**Data for analysis:**

[Start of Attachment]

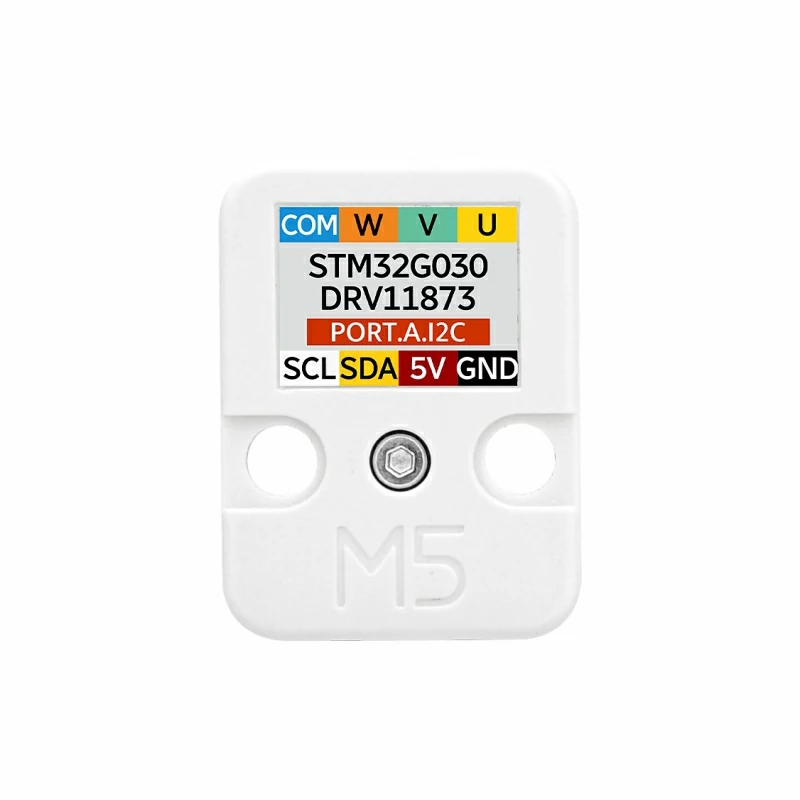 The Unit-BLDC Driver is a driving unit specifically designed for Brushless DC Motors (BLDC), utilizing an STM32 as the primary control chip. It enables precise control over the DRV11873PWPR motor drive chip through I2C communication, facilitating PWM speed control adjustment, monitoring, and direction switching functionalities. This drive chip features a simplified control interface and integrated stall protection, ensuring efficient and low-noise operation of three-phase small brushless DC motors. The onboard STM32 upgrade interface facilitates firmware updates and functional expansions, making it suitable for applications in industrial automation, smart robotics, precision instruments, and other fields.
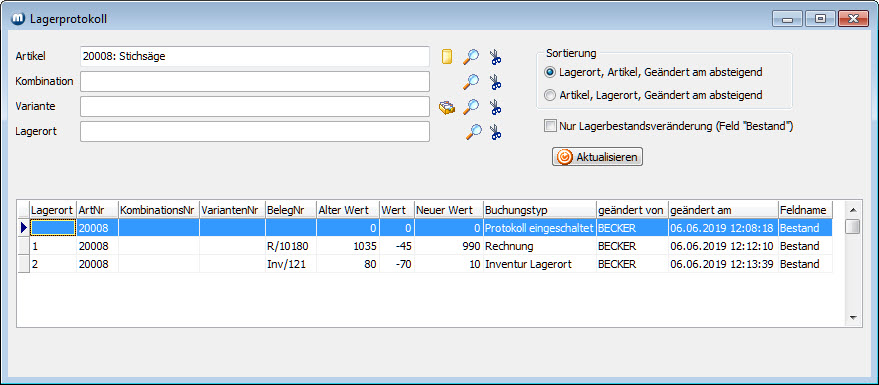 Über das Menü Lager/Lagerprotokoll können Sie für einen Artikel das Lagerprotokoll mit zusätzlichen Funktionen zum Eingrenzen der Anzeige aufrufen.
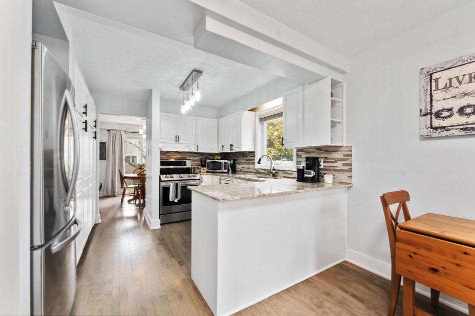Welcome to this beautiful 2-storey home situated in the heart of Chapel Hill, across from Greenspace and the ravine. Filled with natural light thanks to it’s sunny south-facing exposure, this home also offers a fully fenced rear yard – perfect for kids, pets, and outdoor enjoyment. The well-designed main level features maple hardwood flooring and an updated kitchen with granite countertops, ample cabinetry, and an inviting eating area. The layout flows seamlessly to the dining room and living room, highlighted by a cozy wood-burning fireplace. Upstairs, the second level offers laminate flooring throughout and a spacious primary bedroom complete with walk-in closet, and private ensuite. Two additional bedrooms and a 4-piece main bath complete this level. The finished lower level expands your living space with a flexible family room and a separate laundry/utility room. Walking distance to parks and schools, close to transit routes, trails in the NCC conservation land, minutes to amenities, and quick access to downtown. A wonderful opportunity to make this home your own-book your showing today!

[End of Attachment]
[Start of Attachment]

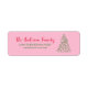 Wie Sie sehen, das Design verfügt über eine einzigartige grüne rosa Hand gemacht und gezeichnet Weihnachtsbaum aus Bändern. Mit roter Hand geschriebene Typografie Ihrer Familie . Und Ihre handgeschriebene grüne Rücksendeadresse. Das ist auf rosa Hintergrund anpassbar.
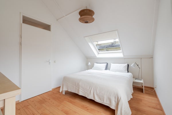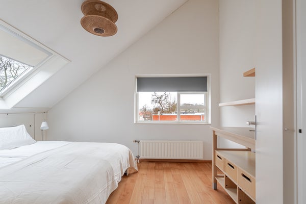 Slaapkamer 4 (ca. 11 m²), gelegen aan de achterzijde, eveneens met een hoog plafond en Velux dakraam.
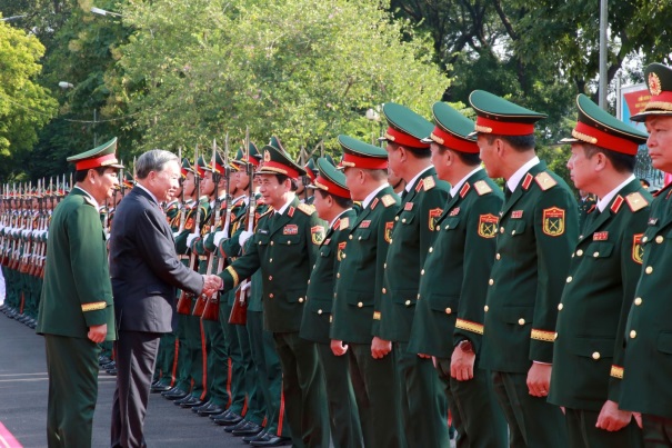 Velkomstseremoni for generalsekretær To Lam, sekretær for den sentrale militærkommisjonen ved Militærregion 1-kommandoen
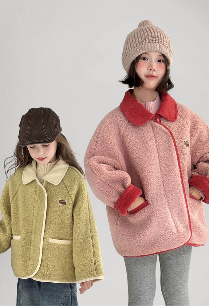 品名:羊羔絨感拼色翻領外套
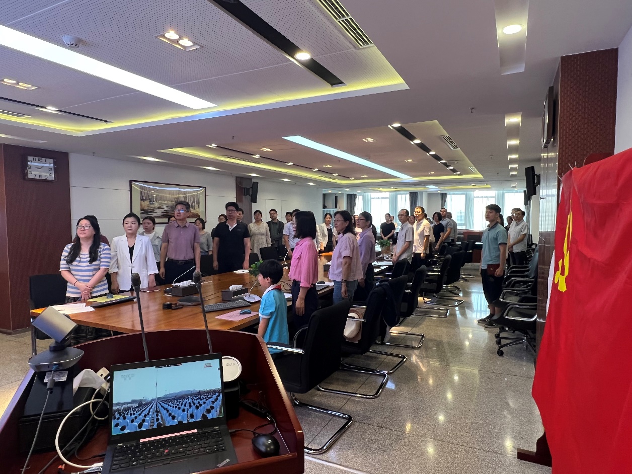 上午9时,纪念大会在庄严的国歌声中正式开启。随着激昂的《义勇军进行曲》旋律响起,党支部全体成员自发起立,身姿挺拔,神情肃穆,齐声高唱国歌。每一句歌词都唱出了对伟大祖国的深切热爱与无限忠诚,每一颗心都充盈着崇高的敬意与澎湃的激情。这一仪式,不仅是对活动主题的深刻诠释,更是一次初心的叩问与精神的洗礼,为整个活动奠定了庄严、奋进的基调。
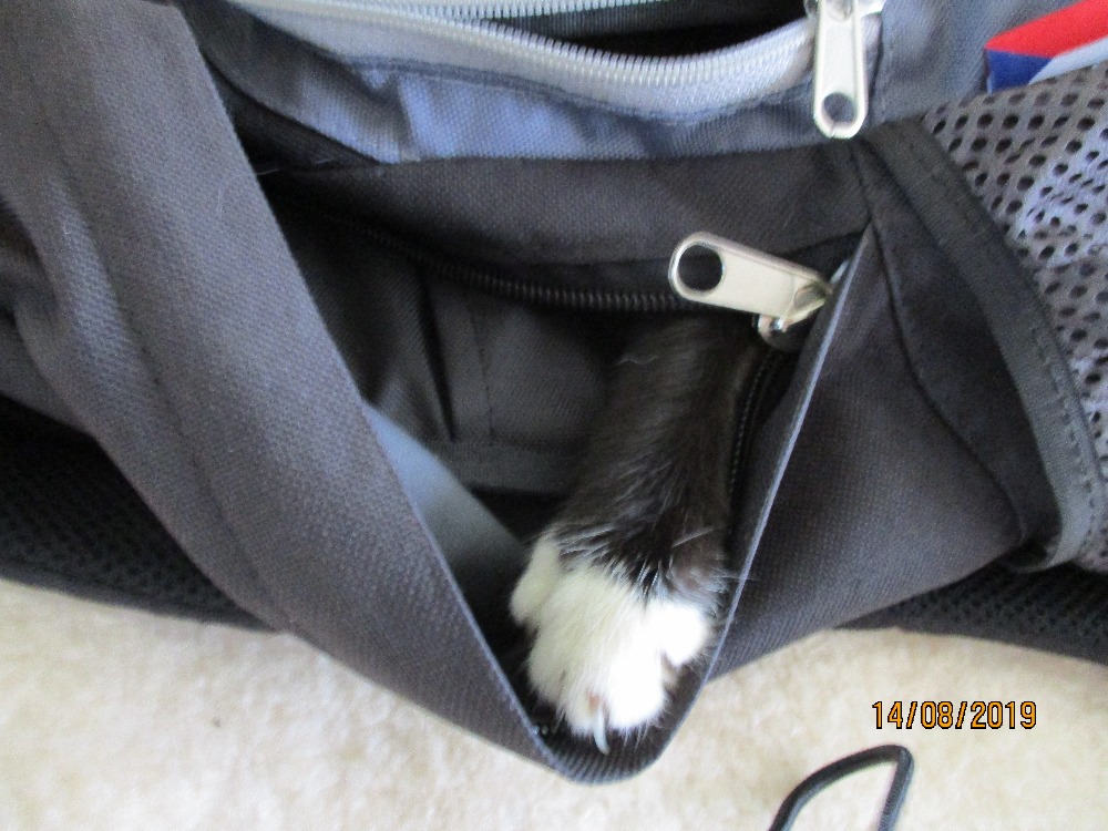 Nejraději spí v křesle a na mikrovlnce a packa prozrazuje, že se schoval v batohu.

[End of Attachment]
[Start of Attachment]

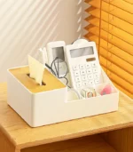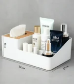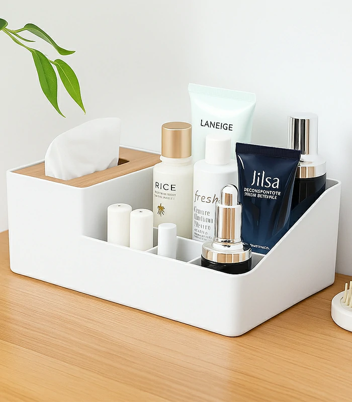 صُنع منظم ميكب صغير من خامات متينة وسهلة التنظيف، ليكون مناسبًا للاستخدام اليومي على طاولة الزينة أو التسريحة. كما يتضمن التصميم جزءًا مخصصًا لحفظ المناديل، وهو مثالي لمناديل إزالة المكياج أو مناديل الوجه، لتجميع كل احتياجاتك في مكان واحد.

[End of Attachment]

**Problem:** Copy word for word the lines of the records above from the one with "The Unit-BLDC Driver" up to and including the one with "Über das Menü". Skip the pictures.

**Answer to this exercise:**
 The Unit-BLDC Driver is a driving unit specifically designed for Brushless DC Motors (BLDC), utilizing an STM32 as the primary control chip. It enables precise control over the DRV11873PWPR motor drive chip through I2C communication, facilitating PWM speed control adjustment, monitoring, and direction switching functionalities. This drive chip features a simplified control interface and integrated stall protection, ensuring efficient and low-noise operation of three-phase small brushless DC motors. The onboard STM32 upgrade interface facilitates firmware updates and functional expansions, making it suitable for applications in industrial automation, smart robotics, precision instruments, and other fields.
 Über das Menü Lager/Lagerprotokoll können Sie für einen Artikel das Lagerprotokoll mit zusätzlichen Funktionen zum Eingrenzen der Anzeige aufrufen.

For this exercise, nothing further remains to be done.